Tamarind Juice (Spanish: Jugo de tamarindo) is a 2019 Peruvian sexploitation comedy film written, directed, produced and co-starred by Julio Andrade in his directorial debut. Starring Karen Dejo, Leslie Stewart and Gerardo Zamora, it is based on the homonymous video clip by Julio Andrade.

== Synopsis ==
Jugo de tamarindo focuses on a musician with domestic and marital problems. Until, in the middle of the tour, he meets a dancer with a traumatic past and with whom he made a successful video clip some time ago.

== Cast ==
The actors participating in this film are:

- Julio Andrade as Samy
- Karen Dejo as Morocha Elsa
- Leslie Stewart as Gloria
- Gerardo Zamora as Lucho
- Carolina Alvarez as Katrina
- Américo Zúñiga as Roberto
- Nicolás Fantinato
- Gustavo Cerrón
- Carlos Barraza
- Kukuli Morante
- Patsy Bendayán as China Ximena
- Renato Pantigozo as Rengifo
- Alonso Cano as Percy

== Production ==
On 9 September 2015 the making of a film based on his video clip Jugo de tamarindo was announced.
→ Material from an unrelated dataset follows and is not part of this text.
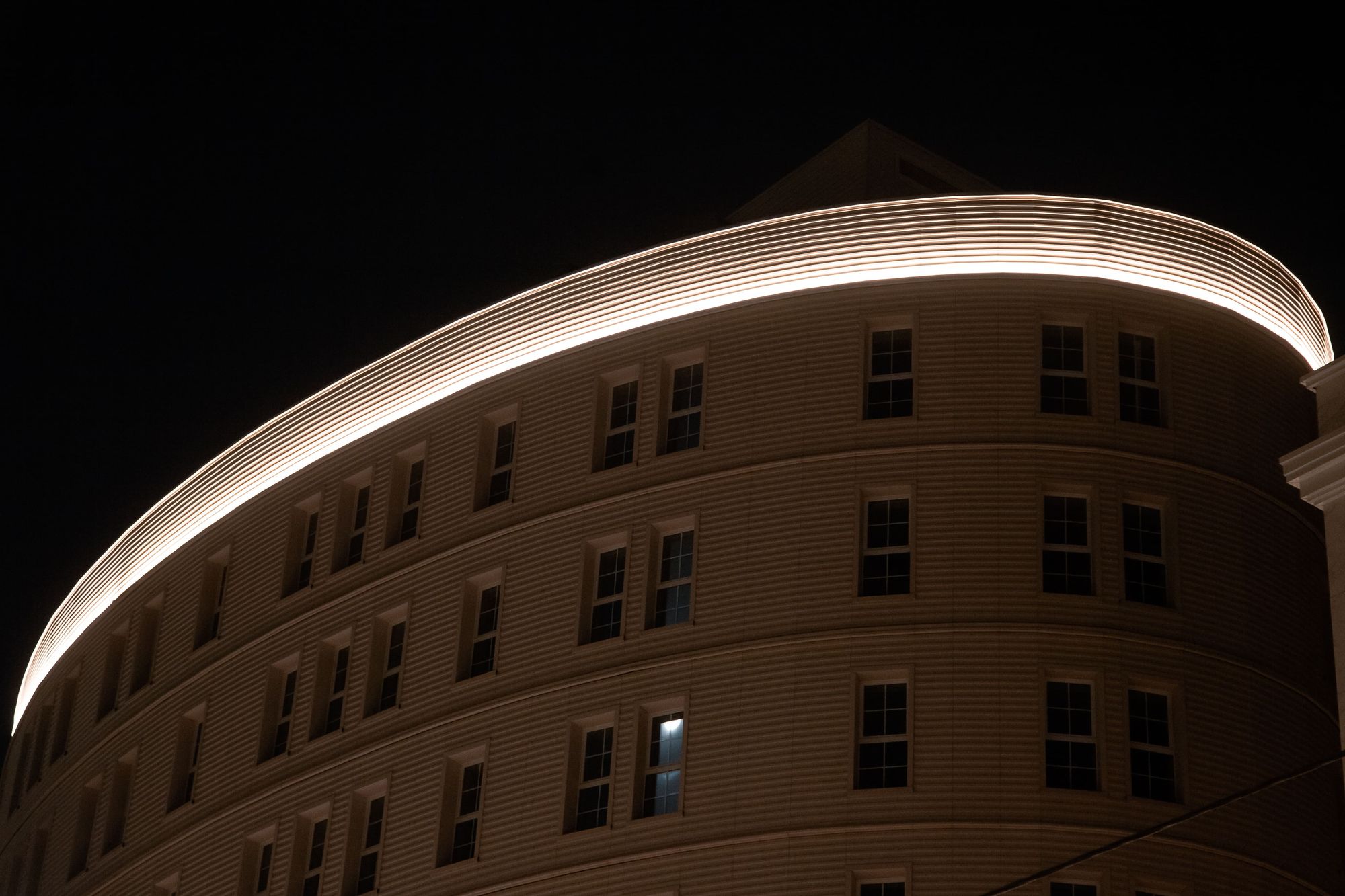 Подсветка фасадов выполнена на основе герметичной светодиодной ленты ARL PV C72 с цветовой температурой 3000 К. Теплый белый цвет свечения создает уютный и умиротворяющий облик здания и хорошо подходит для акцента классических декоративных элементов. Округлый орнамент на фризе оживает в свете подсветки, а рифленая поверхность фасада приобретает объем. Широкая подсветка верхнего и нижнего контура одного из корпусов плавно очерчивает строение в темное время суток.

Principal photography began in May 2016.

== Release ==
Tamarind Juice was scheduled to be released on 10 January 2019 in Peruvian theaters, but ended up being released on 24 January the same year.

== Reception ==
In its opening weekend it attracted 1,200 moviegoers, being surpassed by the re-release of Schindler's List.